The Amazing Odyssey of Evan Fairbanks

One thing I have always been fascinated by is the way major historical events have millions of smaller ripples and repercussions on individual people’s lives. Here’s an example. America’s involvement in World War II caused my grandfather to enlist in the Navy. He was stationed at Quonset, Rhode Island and the family remained after the war. And thus my father met my mother. A strange if horrible equation is unavoidable: No Adolf Hitler, no Trav S.D.
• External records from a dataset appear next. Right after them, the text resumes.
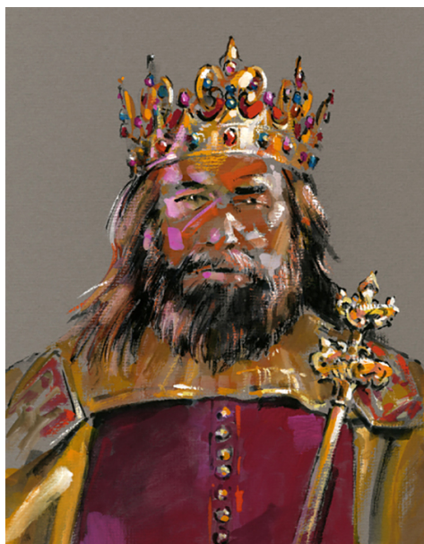
Kazimierz Wielki, autor: Waldemar Świerzy

ich wizerunki miały ukazywać dawną świetność i chwałę Rzeczypospolitej. Nawet Jadwiga, która została królową licząc sobie jedenaście lat, a jako trzynastoletnią wydano ją za mąż za Władysława Jagiełłę, przedstawiona jest przez Matejkę jako bardzo dostojna matrona, prawie jak Jagienka z sienkiewiczowskich „Krzyżaków”, co to miała siadając rozgniatać orzechy.
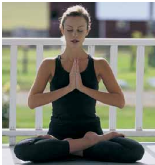
De typische uit Oosterse religies stammende houding

Men moet zich op een rustige plaats terugtrekken, gemakkelijk, rechtop/kaarsrecht zitten of staan; de ogen sluiten; (het ritme van) de ademhaling controleren; de handpalmen ten hemel openen, met de vingers een cirkel maken (mudra's); de tong tegen het harde verhemelte leggen; mantra's (zoals bijv. de lettergreep OM) reciteren; voorstellingen voor het innerlijke of geestelijke oog visualiseren. Men moet de spieren strekken of stretchen, in afwisseling aan- en ontspannen.
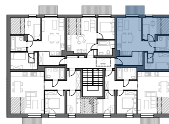
PLAN BUDYNKU NR 5
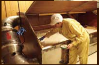
▲麴菌を繁殖させる様子 これからファンが回転し、表面を乾燥させ、麴菌を食い込ませる

麴室の温度は約33度。もやしと呼ばれる麴菌を蒸米にかけます。翌朝には麴菌が繁殖してつやつやと、白い点々ができます。さらに麴菌が繁殖して温度が40度くらいになると、麴菌を米の中心部に食い込ませる作業をします。
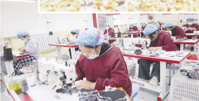
片区内村民在家门口的服装加工项目中就业。
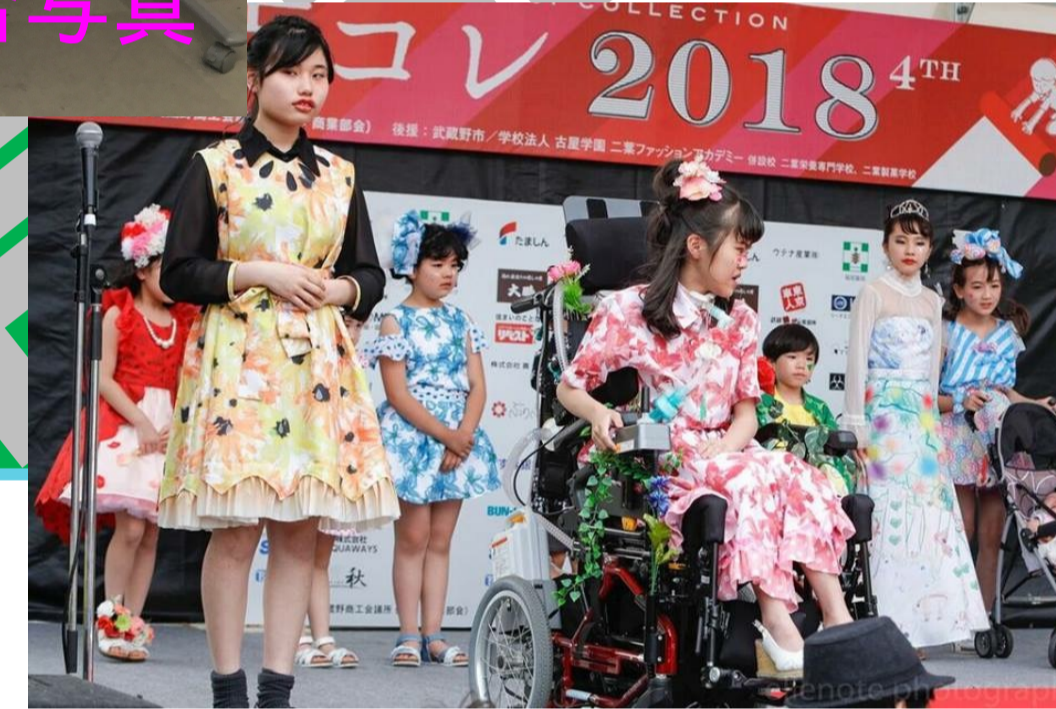
東京コレクションデザイナーさんと
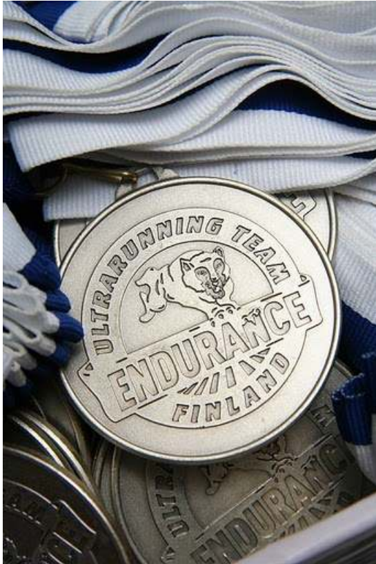
Medaljene var fine - og alle fikk "sølv".
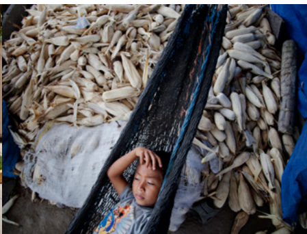
2 Un nen de sis anys va veure com un grup de policies segrestaven el seu germà, de setze anys. Els dos nois viuen a la zona del Bajo Aguán, Hondures, on perdura un conflicte entre camperols, autoritats i grans terratinents pel control de les plantacions de palma africana.
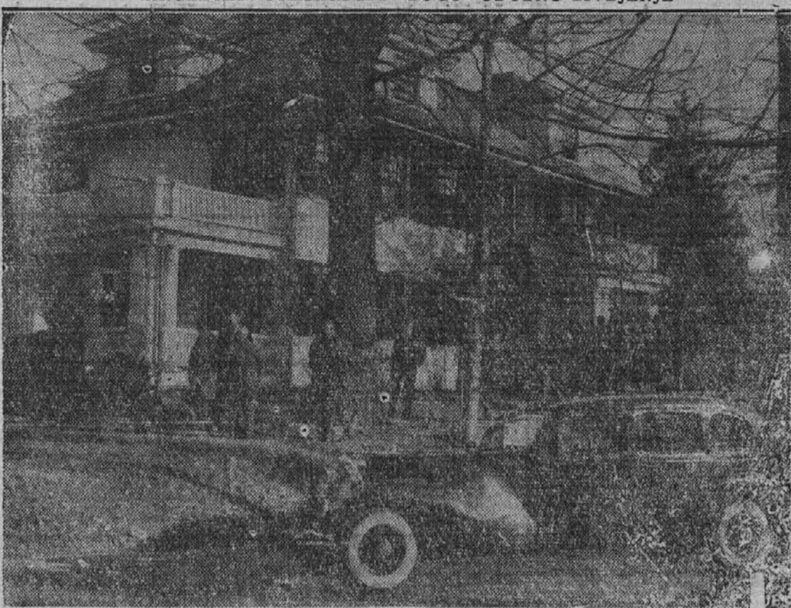
Razkošna hiša v New Rochelle, N. Y., ki jo je dobil v dar vodja nekega nigrovskega verskega kulta, "Father" Divine, od svojih pristašev. Nigri tega svojega voditelja naravnost obožujejo ter ga imenujejo "Boga"; on pa nasprotno naziva svoje ovčice z "Angelčki".

spravil grozdje v klet, preden ga je stehatil v prisotnosti finančnih organov, je bil težko kaznovan.
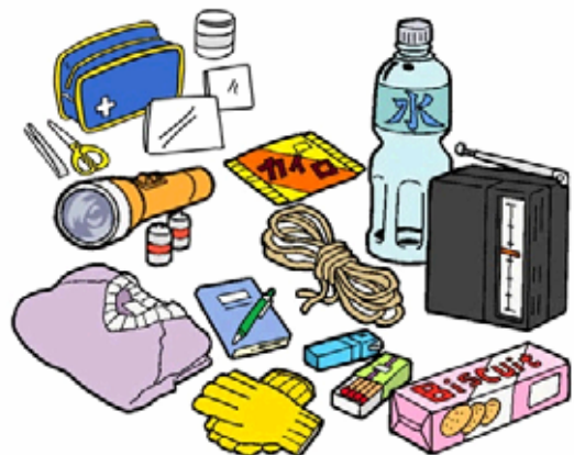
地震に備える非常用品は、緊急避難のとき持って逃げる、「非常持出品」と、地震後の生活を支える「非常備蓄品」に分けて備える。

Preparar una bolsa con cosas necesarias para escapar del terremoto. Y preparar cosas para vivir despues del terremoto.
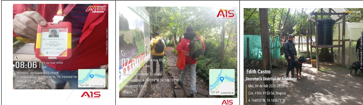
Fotografía 7. Atención a la institucionalidad
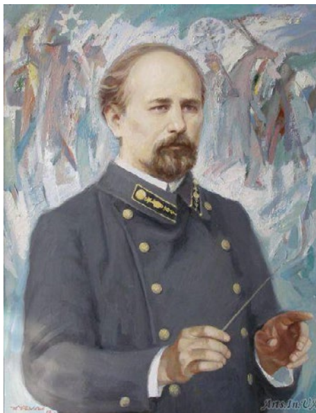
Композитор Леонтович.

I was one of those million of bits of flotsam in the months after September 11, it seemed. I worked at the New-York Historical Society.  On September 13, the controversial decision was to made to collect artifacts from the disaster while they would still be available, and to make an effort to interpret the events for the public. There was a shake-up at the institution, many employees quitting in protest, and when the churning stopped I was suddenly Director of Public Relations. The next few years (2002-2004) saw a series of dozens of exhibitions, lectures, panels and other initiatives related to September 11. My job was to promote them. (Some of the chief people behind the iniative are now working at the new Ground Zero museum).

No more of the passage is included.